Technology on its own cannot get the government to disclose information, but it can prove extremely valuable for those who want to understand what is released. While LeRoy’s organization has been around since 1998, he says the rise of the Internet and data technology “has everything to do” with how his organization has changed over time. All states have their subsidy information in electronic form; they could share much or all of it online if they wanted to. The first state to do so, in small amounts, was Ohio in 1999. But governments have shown that without public pressure they will generally not disclose information or will release just small amounts of information to mollify critics. Good Jobs First has tried to overcome this resistance by conducting research, promoting public discussion, and encouraging activists to push for improved transparency laws. In 2007, they published their first national report card study—“The State of Disclosure.” By that time, 23 states had put some amount of subsidy information online. Three years later, when their next study was published, the number had increased to 37.

But “the data that states do put online,” LeRoy says, can amount to a “Tower of Babel.” States often hide information in obscure appendices, upload contracts in non-searchable PDFs, or publish audits that are impenetrable. As a result, Good Jobs First recognized that “transparency” could mean very little, in practice. But this is where new civic technology developed by third-party organizations has been invaluable. Good Jobs First was able to launch its comprehensive Subsidy Tracker tool in 2010 by compiling and organizing more than 100,000 records from across the country into one unified searchable database and getting additional subsidy program information through FOIA requests. “Technology has definitely been at the core of how we improve our data and make it more accessible for average citizens to understand,” LeRoy says.

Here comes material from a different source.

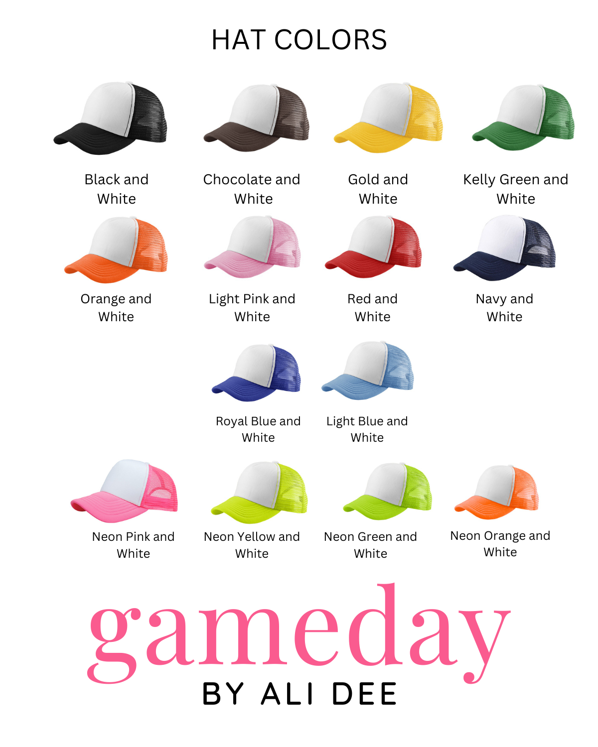 Customize the perfect gameday hat for your favorite team. Pick from a variety of colors for the artwork, and then pick your hat color.

The Center for Responsive Politics, another watchdog organization that focuses on money in politics, knows its ultimate objective is to move people into action—step three of Piexoto’s four-step process. “We use technology to provide information in lots of different ways,” explains Sheila Krumholz, the center’s executive director, because the group recognizes that presenting information in just one format won’t resonate with enough people. Krumholz thinks the organization has played a key role in educating citizens about the impact of money in politics, but says its challenge now is to figure out how to design the kind of “aha” moments that inspire people to act on what they learn, rather than simply tune out and disengage.

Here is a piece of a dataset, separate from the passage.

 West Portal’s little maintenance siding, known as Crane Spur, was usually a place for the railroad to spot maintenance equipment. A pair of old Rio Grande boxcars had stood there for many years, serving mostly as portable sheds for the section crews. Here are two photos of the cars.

But inspiring people to act inevitably has political implications. Eric Liu, the CEO of Citizen University—a group that works with leaders, activists, and practitioners around issues of citizenship and organizing—says it’s not enough to make government more efficient. He encourages civic-tech leaders to reckon more with politics, power, and inequality. While it’s great to have an app that can help you find out when the next bus is coming, it would be even better, he argues, if you could activate the smarts and skills of people within civic tech to help push city leaders to develop a stronger public transportation system.

“Civic tech is excellent at transparency, civic tech is excellent at efficiency, civic tech is excellent at creating a sense of community,” said Liu in a speech at the Personal Democracy Forum this past June. “Civic tech is excellent at a lot of dimensions of what you might think of as customer service.”

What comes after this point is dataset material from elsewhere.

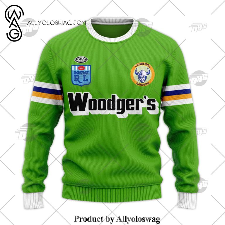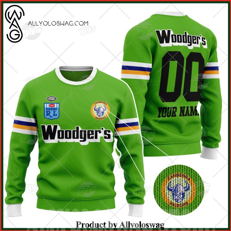 NOTE: [Top-selling] Personalized Canberra Raiders 1989 Woodgers ARL NRL Vintage Retro Heritage Ugly Christmas Sweater

The civic-tech community could help Americans create not only a more efficient government, but also a more politically accountable and fair one. Doing that would require the community to venture into political territory that it’s largely avoided up to this point. But if civic tech is going to make a big impact, there is no turning away from politics. It’s something investigative journalists have long understood: Making people with power uncomfortable is part of the job. It’s part of the job of civic tech, too.